Btw Andy, Jay might already have told you this, but I’m hoping to join you at UCLA next year. What classes are you taking this term?

• Z Norwood says:

Apparently WP doesn’t like “\left”; I guess it wants “\langle” and “\rangle instead.

• Z Norwood says:

GAHHH!!!!! Stupid WP. What I meant was:
Apparently WP doesn’t like “\left<” or “\right>”; I guess it wants “\langle” and “\rangle instead.

• soffer801 says:

Zach, a few things:

First, I edited your post to make it what I think you meant. Let me know if I was wrong.

By “repeating the argument” what I meant was that you can generalize. The proof I gave is simply the one I suggested starting with $\varnothing$ as your linearly independent set.

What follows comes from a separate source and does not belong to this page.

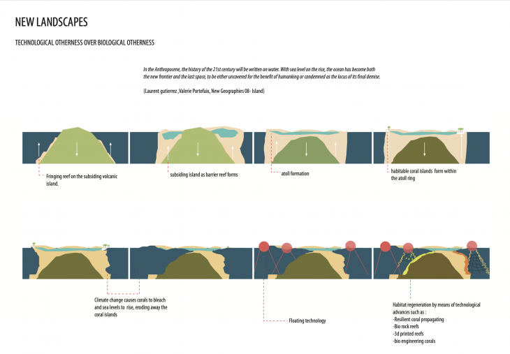 Coral reefs have demonstrated their ability to create new landscapes and adapt to past events of sea level rise by growing upwards on the fringe of a subsiding volcano, and overtime mature into barrier reef and then into atolls where coral islands form and mature enough eventually for human habitation. In the present day, due to the human activity driven climate change phenomena that we are experiencing coral reefs are at the risk of disappearance, while these coral reefs amount to less than 1% of the ocean itself, extinction of coral reefs will have drastic impacts on many communities , especially to that of coastal and islands. Island nations such as Kiribati, Tuvalu, The Maldives and the Republic of Marshall Islands which are made exclusively of coral atolls, risks being wiped out of the earth’s surface entirely within the century. Although technological advances are what has brought us to the era of the Anthropocene, this paper seeks to understand if more technology just maybe what is needed to resolve if not revert the consequences of human actions that are causing for the current ecological collapse. Humans have been adapting to rising sea levels for many years in different contexts by means of land reclamation, usage of dikes, pumps , sea walls to either protect settlements from coastal erosion and flooding. we are beginning to rethink these traditional strategies as rising temperatures could bring too much water for even dikes and pumps to keep back, this new thinking speculates on idea of amphibious architectures such as floating technologies that provides more sustainable options and opportunity to maintain a healthy life below water as much as on newly created land.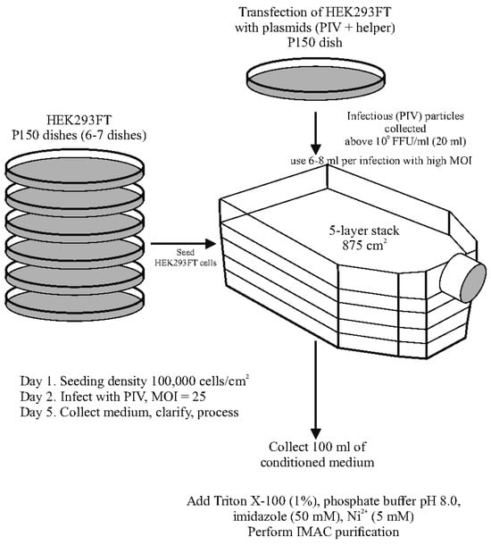 Large-scale producing cultures were in five-layer stacks Multilayer Cell Culture Flasks (VWR, Radnor, PA, USA, Cat, 734-3418). HEK293T cells were grown in 6-7 P150 dishes to obtain seeding amounts of the cells. The cells were trypsinized and transferred into a five-layer stack with seeding density 100,000 cells/cm2. In some experiments, a fixed number of 180 million cells were seeded into the stack on the day of infection. To infect the cells, PIV particles were diluted in 50 mL of DPBS + 1% FBS. A range of MOIs were used in different experiments. The medium was removed from the stack, and the infectious inoculum was poured in and distributed over the shelves. The stack was incubated for 1 h with occasional shaking. Then, the DPBS was removed, and 100 mL of complete medium added. The conditioned medium was collected at 48 h post-infection (hpi). The collected medium was clarified by centrifugation (6000 rpm 10 min) and stored before processing at −80 °C.

What you seem to have done is taken the first result, and applied the correspondence theorem and AC to pull back a basis. It’s an interesting idea, and works fine, but I suppose I don’t see what you gain from this. You’re still using AC (which is of course unavoidable).

Jay did not already tell me that. Shame on him. I’m taking the algebra, differential topology, and logic sequences. Let me know if you’re coming to visit.

• Z Norwood says:

Thanks for the edits. That looks right.

Right; I was just suggesting a way to prove the stronger result from your result without doing the same Zorn’s-Lemma argument all over again. But, of course, you probably only mentioned the stronger result to offer the reader a chance to try his/her own ZL argument, which my suggestion avoids. Oh well. I really like it when this sort of thing happens, though: some result turns out to be equivalent to another result that’s obviously stronger. (Leader has talked about this a lot in Ramsey Theory this term, results that prove their generalisations.)

Psshhh, how typical of Jay. Unfortunately, I doubt I’ll visit. I went to a campus visit last spring, and I’m in England this year, so I probably won’t fly all the way back again. But if I get in again, I’ll see you next summer!

Good course choices! I’m sure Anton is in (at least) logic with you; tell him I said hi! Who is teaching the logic sequence this year?